The standards that are the basis for Internet e-mail were established in 1982. Though they were state of the art in 1982, in the intervening years they have begun to show their age. The 1982 standards allow for mail messages that contain a single human readable message with the restrictions that:

the message contains only ASCII characters.
the message contains no lines longer than 1000 characters.
the message does not exceed a certain length

The 1982 standards do not allow EDI to be reliably transmitted through Internet e-mail, since EDI messages can violate all of these restrictions. There are a number of other types of messages and services that have are supported by other more recently designed e-mail standards. A new Internet mail standard was approved in June of 1992. The new standard is called MIME.

MIME is an acronym for Multipurpose Internet Mail Extensions. It builds on the older standard by standardizing additional fields for mail message headers that describe new types of content and organization for messages.

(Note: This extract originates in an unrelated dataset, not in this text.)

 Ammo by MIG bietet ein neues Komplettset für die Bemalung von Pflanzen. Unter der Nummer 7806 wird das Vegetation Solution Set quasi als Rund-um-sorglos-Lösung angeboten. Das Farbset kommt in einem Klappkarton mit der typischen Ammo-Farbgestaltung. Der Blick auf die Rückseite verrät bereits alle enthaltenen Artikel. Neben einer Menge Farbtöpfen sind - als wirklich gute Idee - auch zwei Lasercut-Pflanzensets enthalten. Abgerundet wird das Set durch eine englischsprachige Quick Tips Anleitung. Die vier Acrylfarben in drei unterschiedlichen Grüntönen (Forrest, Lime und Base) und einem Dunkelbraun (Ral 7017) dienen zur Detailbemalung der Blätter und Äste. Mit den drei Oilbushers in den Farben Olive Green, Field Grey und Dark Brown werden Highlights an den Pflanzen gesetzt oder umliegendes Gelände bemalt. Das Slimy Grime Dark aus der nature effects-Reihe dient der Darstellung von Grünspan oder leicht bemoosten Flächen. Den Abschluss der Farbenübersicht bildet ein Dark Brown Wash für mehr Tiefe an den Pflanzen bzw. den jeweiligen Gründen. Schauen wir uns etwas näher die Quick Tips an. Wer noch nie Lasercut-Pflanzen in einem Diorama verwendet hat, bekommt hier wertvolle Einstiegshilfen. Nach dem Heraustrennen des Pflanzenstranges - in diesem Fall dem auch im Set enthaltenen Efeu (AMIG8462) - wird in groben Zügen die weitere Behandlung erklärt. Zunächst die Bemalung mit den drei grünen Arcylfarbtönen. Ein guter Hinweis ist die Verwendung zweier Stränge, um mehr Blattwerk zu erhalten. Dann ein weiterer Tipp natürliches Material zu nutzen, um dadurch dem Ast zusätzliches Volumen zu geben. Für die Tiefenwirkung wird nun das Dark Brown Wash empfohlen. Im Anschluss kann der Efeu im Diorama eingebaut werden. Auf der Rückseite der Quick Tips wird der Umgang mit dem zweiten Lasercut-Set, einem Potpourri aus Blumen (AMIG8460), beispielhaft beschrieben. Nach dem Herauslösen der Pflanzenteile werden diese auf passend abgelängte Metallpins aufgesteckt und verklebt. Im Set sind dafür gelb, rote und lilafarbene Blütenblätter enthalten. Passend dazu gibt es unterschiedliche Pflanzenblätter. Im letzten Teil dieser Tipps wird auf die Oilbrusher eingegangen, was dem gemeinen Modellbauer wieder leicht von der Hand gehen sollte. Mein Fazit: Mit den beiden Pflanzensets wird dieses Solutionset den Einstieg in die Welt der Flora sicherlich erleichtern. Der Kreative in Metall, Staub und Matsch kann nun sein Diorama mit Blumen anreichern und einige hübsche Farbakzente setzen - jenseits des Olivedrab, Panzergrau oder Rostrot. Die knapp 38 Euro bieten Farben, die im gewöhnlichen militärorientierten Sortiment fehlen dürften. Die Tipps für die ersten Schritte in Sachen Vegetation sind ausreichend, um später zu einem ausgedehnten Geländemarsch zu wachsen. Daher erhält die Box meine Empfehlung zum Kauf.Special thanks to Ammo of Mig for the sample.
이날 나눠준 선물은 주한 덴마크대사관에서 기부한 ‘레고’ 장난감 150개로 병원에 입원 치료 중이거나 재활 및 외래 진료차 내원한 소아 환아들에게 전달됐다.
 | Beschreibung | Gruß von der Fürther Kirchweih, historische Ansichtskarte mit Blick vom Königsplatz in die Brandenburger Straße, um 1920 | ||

MIME allows mail messages to contain:

Multiple objects in a single message.
Text having unlimited line length or overall length.
Character sets other than ASCII, allowing non-English language messages.
Multi-font messages.
Binary or application specific files.
Images, Audio, Video and multi-media messages.

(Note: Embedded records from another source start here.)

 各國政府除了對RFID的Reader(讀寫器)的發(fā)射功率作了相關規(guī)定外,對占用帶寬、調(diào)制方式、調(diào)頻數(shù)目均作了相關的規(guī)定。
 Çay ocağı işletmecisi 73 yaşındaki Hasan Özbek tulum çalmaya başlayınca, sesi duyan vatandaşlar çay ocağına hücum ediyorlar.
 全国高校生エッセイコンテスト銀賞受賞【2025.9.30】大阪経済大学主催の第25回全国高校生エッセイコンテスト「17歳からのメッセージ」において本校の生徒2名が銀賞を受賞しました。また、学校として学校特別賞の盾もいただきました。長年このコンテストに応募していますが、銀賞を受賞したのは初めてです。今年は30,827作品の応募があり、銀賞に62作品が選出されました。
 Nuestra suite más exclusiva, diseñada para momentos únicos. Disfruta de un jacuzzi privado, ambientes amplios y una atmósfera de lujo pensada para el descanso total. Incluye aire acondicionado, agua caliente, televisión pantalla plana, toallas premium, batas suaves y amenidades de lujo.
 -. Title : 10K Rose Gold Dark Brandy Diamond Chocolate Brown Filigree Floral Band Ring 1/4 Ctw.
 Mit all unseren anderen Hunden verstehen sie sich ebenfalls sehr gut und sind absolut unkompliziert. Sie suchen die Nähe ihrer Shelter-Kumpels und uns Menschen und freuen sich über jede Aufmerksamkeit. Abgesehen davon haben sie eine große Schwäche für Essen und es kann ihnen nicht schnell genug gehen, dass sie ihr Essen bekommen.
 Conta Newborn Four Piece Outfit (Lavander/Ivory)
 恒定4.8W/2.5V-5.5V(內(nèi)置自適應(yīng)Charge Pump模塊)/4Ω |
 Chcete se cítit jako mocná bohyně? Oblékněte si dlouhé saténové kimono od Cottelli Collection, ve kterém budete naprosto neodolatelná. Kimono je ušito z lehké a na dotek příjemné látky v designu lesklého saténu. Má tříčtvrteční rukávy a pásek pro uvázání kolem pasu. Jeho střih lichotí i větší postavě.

MIME defines the following new header fields:

The MIME-Version header field, which uses a version number to declare that a message conforms to the MIME standard.
The Content-Type header field, which can be used to specify the type and subtype of data in the body of a message and to fully specify the encoding of such data.

The Content-Type value Text, which can be used to represent textual information in a number of character sets and formatted text description languages in a standardized manner.
The Content-Type value Multipart, which can be used to combine several body parts, possibly of differing types of data, into a single message.
The Content-Type value Application, which can be used to transmit application data or binary data.
The Content-Type value Message, for encapsulating a mail message.
The Content-Type value Image, for transmitting still image (picture) data.
The Content-Type value Audio, for transmitting audio or voice data.
The Content-Type value Video, for transmitting video or moving image data, possibly with audio as part of the composite video data format.

The Content-Transfer-Encoding header field, that specifies how the data is encoded to allow it to pass through mail transports having data or character set limitations.
Two header fields that can be used to further identify and describe the data in a message body: the Content-ID and Content-Description header fields.

MIME is an extensible mechanism. It is expected that the set of content-type/subtype pairs and their associated parameters will grow with time. Several other MIME fields, such as character set names, are likely to have new values defined over time. To ensure that the set of such values develops in an orderly, and public manner, MIME defines a registration process that uses the Internet Assigned Numbers Authority (IANA) as a central registry for such values.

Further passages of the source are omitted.